The graph format used by FlashGraph is designed for both efficiency and flexibility. All graph algorithms in FlashGraph use the same graph format, so each graph only needs to be converted into the format once and to be loaded to SSDs once. FlashGraph stores both in-edges and out-edges in a graph image. In the Web graph, an out-edge is a hyperlink from a Web page to another page, and an in-edge is the reverse of a hyperlink. It is necessary to keep an edge twice for a directed graph because some graph algorithms require in-edges, some require out-edges and some require both. For efficiency, in-edges and out-edges of a vertex are stored separately. This reduces data access from SSDs if an algorithm requires only one type of edges.
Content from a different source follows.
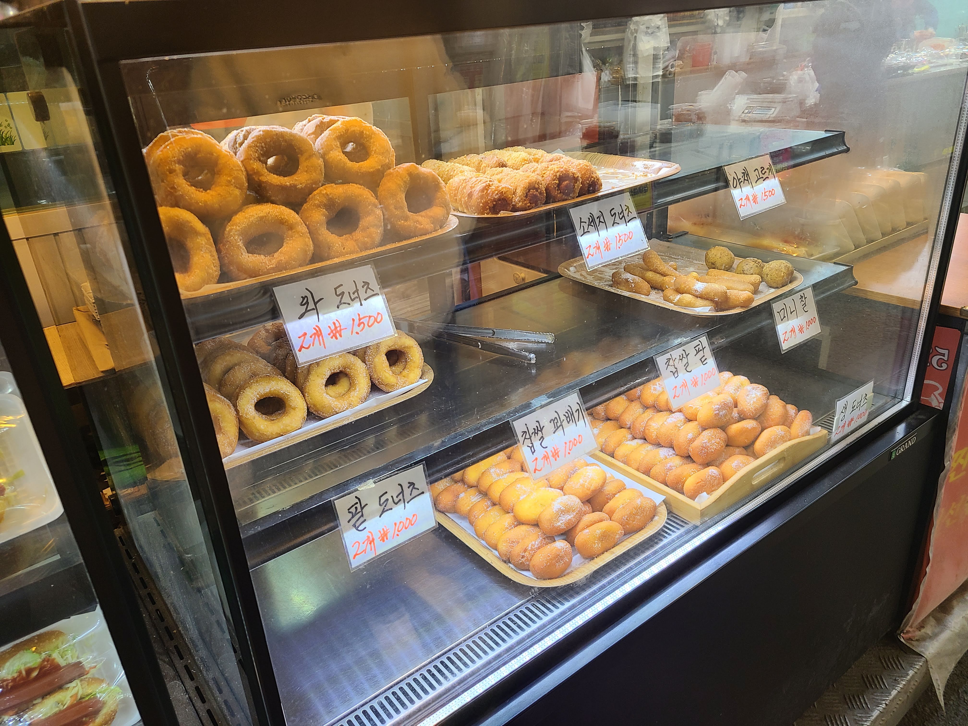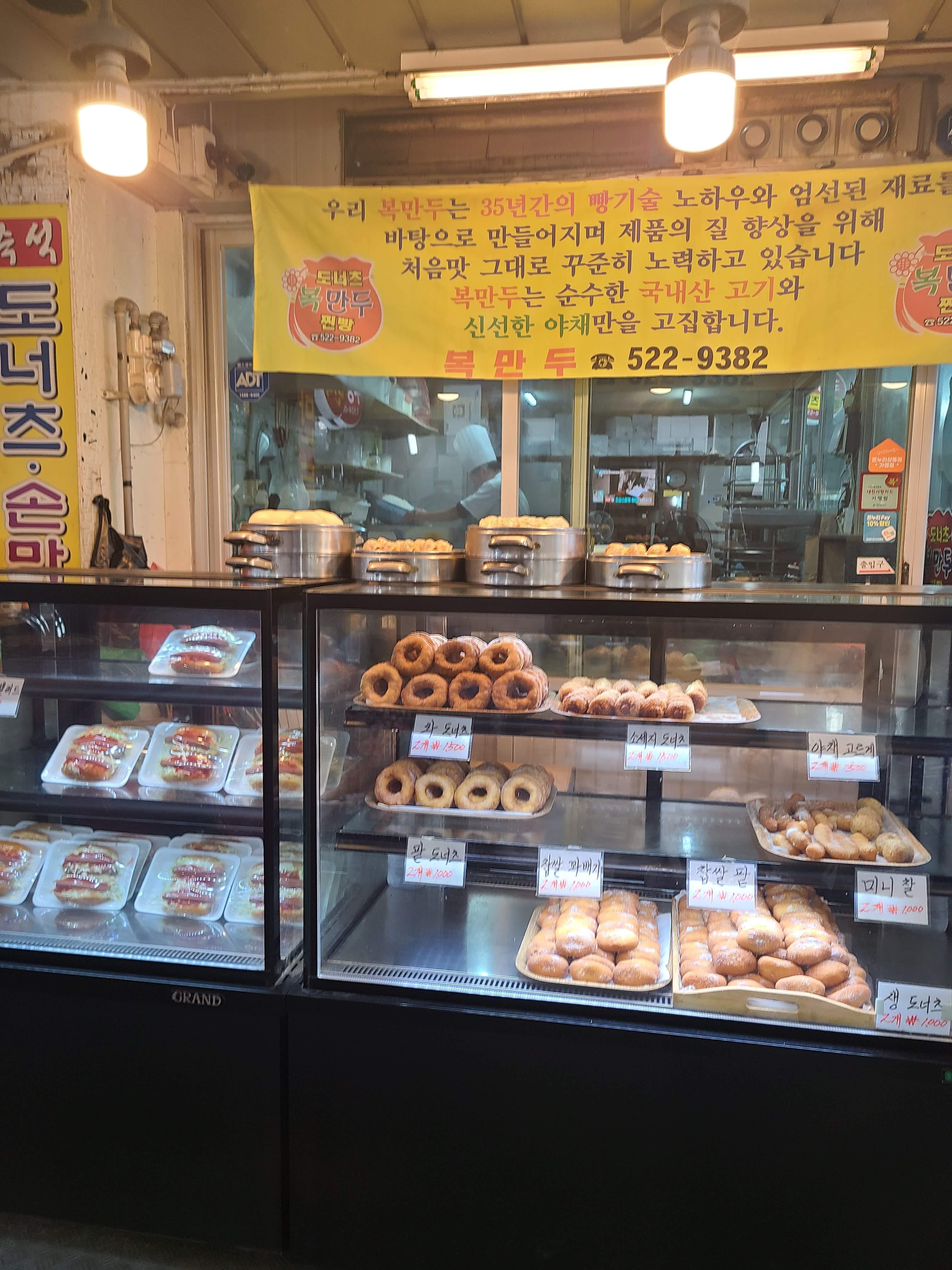 지금 사진을 보니 만두가 대표 음식인것 같은데.. 저는 만두보다는 진열되어 있는 도너츠에 더 신경이 갔습니다.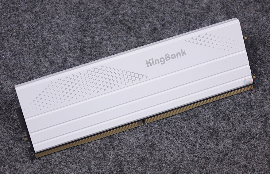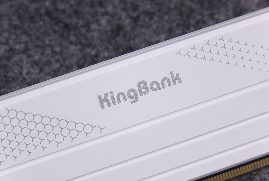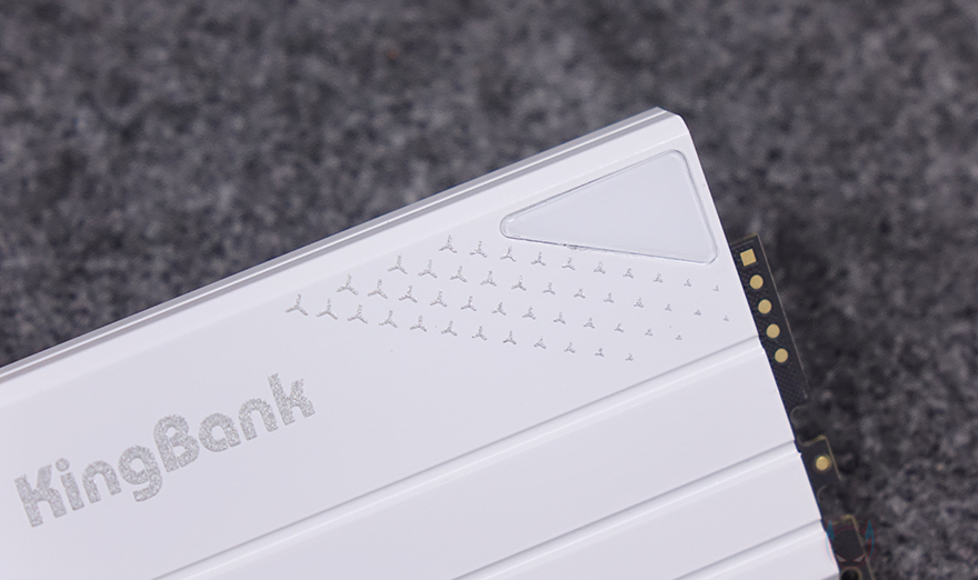 그럼, 킹뱅크(KingBank) DDR5-6000 CL28 메모리를 살펴보는데, 리뷰에 사용된 모델은 앞전에 만났던 Non-RGB 모델과 동일한 방열판(Heatsink) 디자인의 화이트 색상 버전입니다. 참고로, 최근 RGB 제품에서도 CL28 모델이 나왔기때문에 취향에 따라 선택하면 됩니다. 블랙색상과 조금 다른 점이라면, 화이트 색상 같은 경우 방열판 표면을 유광처리했습니다. 방열판 높이는 약 38mm이며, 한쪽에 KingBank 로고를 새겨놨죠. 반대쪽 방열판 디자인 역시 동일하면서 상단 모서리 부분에 포인트를 주는 디자인으로 약간 차별을 주었습니다.

FlashGraph provides a very flexible vertex-centric programming interface and supports varieties of graph algorithms. The vertex-centric programming interface allow programmers to “think like a vertex”: each vertex maintains some algorithmic state and performs user-defined computation independently. In FlashGraph, a vertex can communicate with any vertices through message passing and read edge lists of any vertices from SSDs. We have implemented a set of graph algorithms such as breadth-first search, PageRank, connected components and triangle counting. All of these graph algorithms implemented in FlashGraph can run on the page-level Web graph in a single commodity machine and complete at an unprecedented speed, as shown in the table below. The performance result also shows that FlashGraph has a very short initialization time even on this massive graph.
|Algorithm||Runtime (sec)||Init time (sec)||Memory (GB)|
|Weakly connected components||461||32||47|
|PageRank (30 iterations)||2041||33||46|
The more detailed design of FlashGraph is documented by the paper published at FAST’15.
We further explore community detection with FlashGraph on billion-node graphs. Here we detect communities with only active vertices. The activity level of a vertex is measured by a locality statistic (the number of edges in the neighborhood of a vertex). Again, we use the large Web graph to demonstrate the scalability and accuracy of our procedure. The key here is to quickly identify the most active vertices in a graph. Having these vertices, we further cluster them into active communities. In our experiment on the paper, we identify 2000 most active vertices in the Web graph and discover five communities. The sizes of community 1 to 5 are n1 = 35, n2 = 1603, n3 = 199, n4 = 42 and n5 = 121 respectively. Community 1 is a collection of websites that are all developed, sold or to be sold by an Internet media company networkmedia. Community 2 are all hyperlinks extracted from a single Pay-level-domain adult website. In the community 3, most links are social media websites and often used in our daily life such as WordPress.org and Google. Community 4 consists of websites related to online shopping such as the shopping giant Amazon and the bookseller AbeBooks. Community 5 is another collection of 121 adult web pages where each web page comes from a different Pay-level-domain in this cluster. In summary, top 5 active communities in the Web Graph are grouped with high topical similarities.
Active community detection is one application that demonstrates the power of FlashGraph. We are looking forward to seeing more cases that people use FlashGraph for mining massive graphs. We are happy to help others develop algorithms to explore the Web graph as well as other graphs of the similar size or even a larger size.